Radiation frequency exposure limits measure the specific absorption rate (SAR) in human tissue resulting from the operation of a radio signal at a given frequency for a particular duration. These rules also define how to measure the SAR for a particular antenna.

Effective radiated power (ERP) limits directly limit the power emitted from radio antennas operated for cellular services. It is important to note that these regulations describe both a base ERP limit and an elevated ERP limit for which an operator can qualify depending on the environment where the antenna is located. These rules also define how to measure the ERP for a particular antenna.

Under Federal law, routine environmental evaluation for RF exposure is required for transmitters, facilities or operations that are included in certain categories of facilities. These categories include equipment used for cellular communication when the facility is installed below 10 meters above ground level to the lowest point of antenna and the total power of all channels is greater than 1000 W ERP.

Q: Does Federal law limit the authority for municipalities to regulate the operating power of telecommunications antennas?

** A: ** Yes. Under Federal law, there is an express preemption provision in 47 U.S.C. §§ 253(a), (d), authorizing the FCC to pre-empt “any [local] statute, regulation, or legal requirement” that “may prohibit or have the effect of prohibiting the ability of any entity to provide any interstate or intrastate telecommunications service.” Likewise, as described in 47 U.S.C. § 332 (c) (7), Congress intended that the FCC have exclusive jurisdiction over disputes regarding RF emissions.

See N.Y. SMSA Ltd. P’ship v. Town of Clarkstown, 603 F. Supp. 2d 715 (S.D. NY 2009). In the Clarkstown case, the Court found,

“a town plainly may not impose separate, stricter certification requirements for wireless technology than those set forth by the FCC. Federal law has preempted the field of technology authorization and station licensing, and there is no room for state and local authorities to regulate in these areas.”

Q. Can the Village pass a moratorium on all 5G applications?

A. No. Even under the most restrictive form of the Governor’s Executive Order, “essential infrastructure” was exempt from the Stay at Home requirements. Essential Infrastructure was defined to include, “internet, video, and telecommunications systems (including the provision of essential global, national, and local infrastructure for computing services, business infrastructure, communications, and web-based services).” Based on this language, the on-going deployment of small cell antennas by telecommunications carriers did not violate the former Executive Orders and is permitted to continue.

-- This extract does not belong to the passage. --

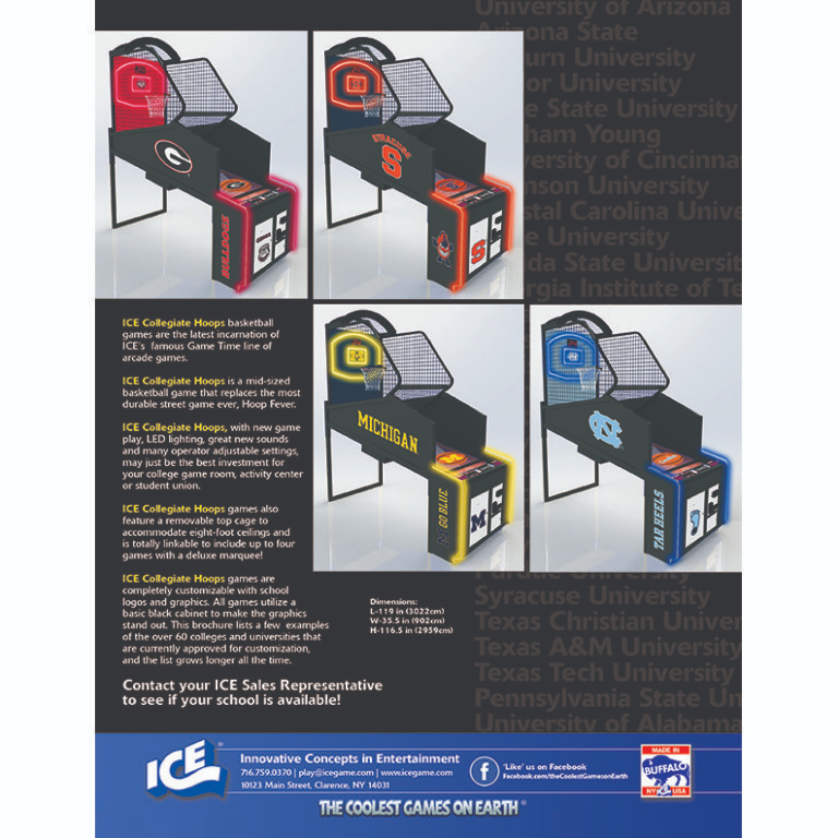 In this new mid-sized version of the ever-durable street game Collegiate Hoops boasts the latest technology such as new LED lighting, slam dunk sound effects, moving hoop, and more. See how many points you can rack up against the ticking clock! With deluxe custom marquee options available, choose from college teams to decorate your Collegiate Hoops. Perfect for any arcade, game room or family entertainment center!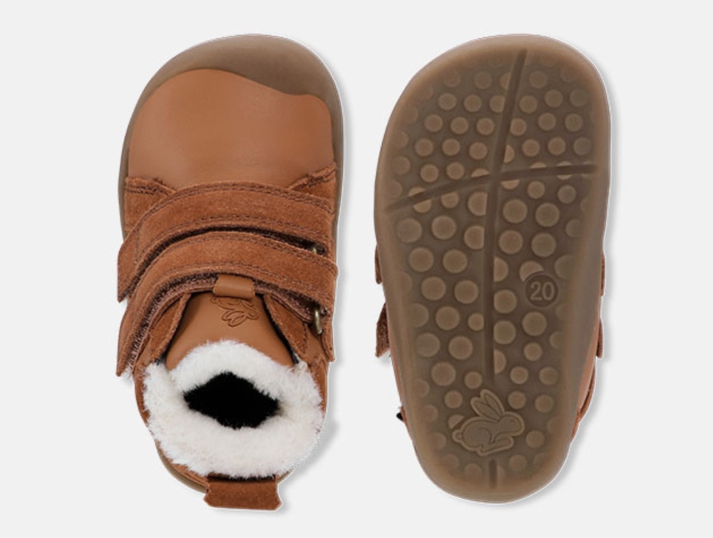 Bundgaard Bloom er vinterudgaven af den kendte begyndersko Petit og kommer her i en kombination af cognacfarvet læder og ruskind. Modellen er skabt med fokus på små børns fødder, hvor naturlig bevægelse og høj komfort er i centrum. Den brede front giver god plads til tæerne, mens en fast hælkappe sørger for stabilitet. Indvendigt er skoen foret med blød uld, som holder fødderne varme i kulden, og en vandafvisende TEX-membran beskytter mod fugt udefra.

Next, we can look at State and Federal telecommunications law. The FCC has interpreted Federal law to hold the deadline for final action on permit applications may expire notwithstanding a putative moratorium. In other words, if the Village fails to take final action before the “shot clock” expires, it is subject to legal challenge and the corresponding expenses.

For the State, we look at the Illinois Small Wireless Facilities Deployment Act, 50 ILCS 840/1, et seq. The Act is the State law which governs how local governments license or permit the erection of small wireless facilities within their jurisdiction.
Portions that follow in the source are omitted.